→ **Brief**
The output is the lines below from the one with "ps : 아래같이 표기되면" through the one with "最近,一位Twitter用户", both included, printed exactly and with no other line.

→ **Material for this exercise**
-=-=-

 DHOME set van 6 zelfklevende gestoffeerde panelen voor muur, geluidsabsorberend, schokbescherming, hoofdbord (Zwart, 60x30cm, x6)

-=-=-

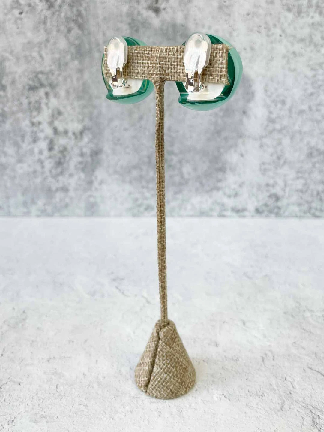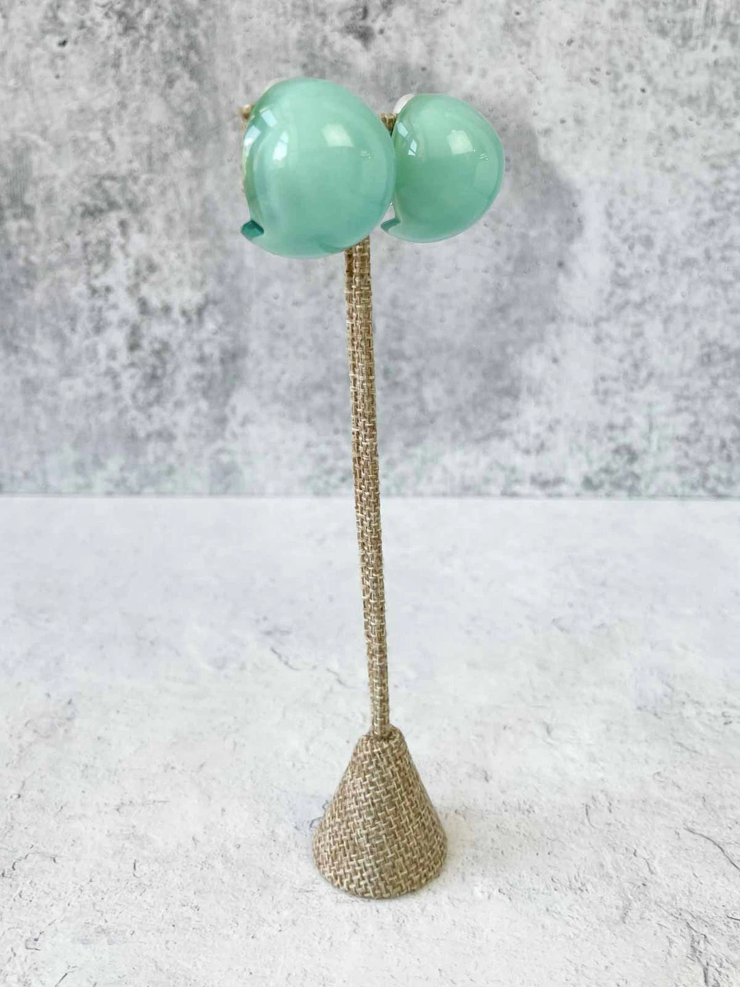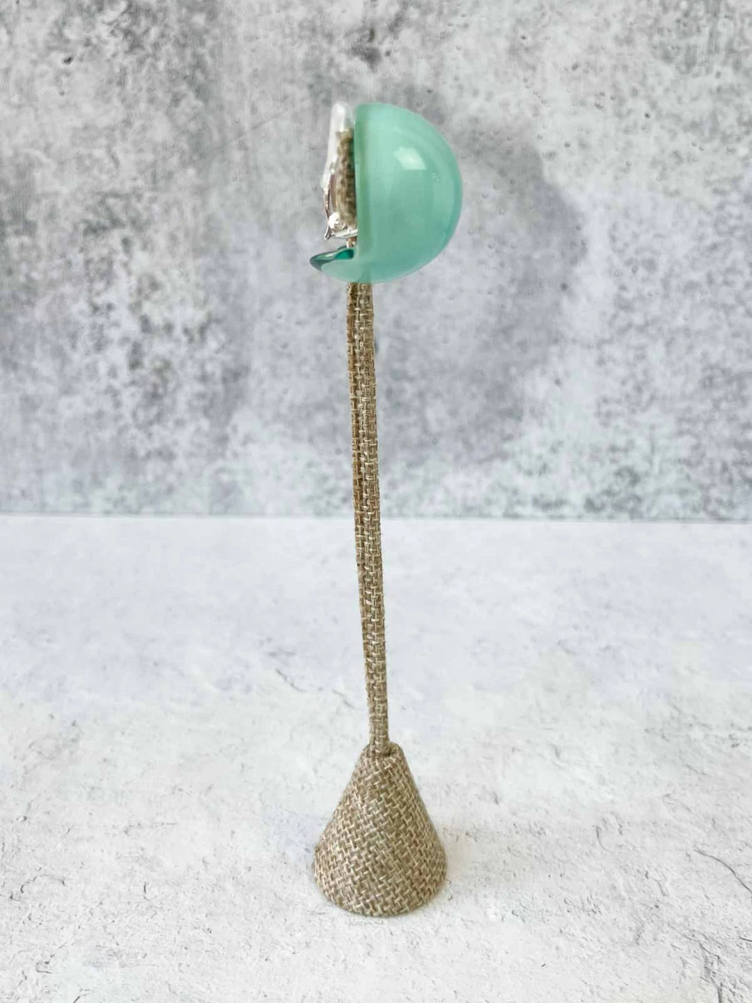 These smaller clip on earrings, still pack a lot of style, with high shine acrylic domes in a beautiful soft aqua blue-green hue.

-=-=-

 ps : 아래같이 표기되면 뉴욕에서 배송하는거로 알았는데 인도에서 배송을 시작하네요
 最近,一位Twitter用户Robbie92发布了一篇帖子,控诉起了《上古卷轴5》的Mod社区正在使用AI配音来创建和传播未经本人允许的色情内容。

-=-=-

→ **Output of the exercise**
 ps : 아래같이 표기되면 뉴욕에서 배송하는거로 알았는데 인도에서 배송을 시작하네요
 最近,一位Twitter用户Robbie92发布了一篇帖子,控诉起了《上古卷轴5》的Mod社区正在使用AI配音来创建和传播未经本人允许的色情内容。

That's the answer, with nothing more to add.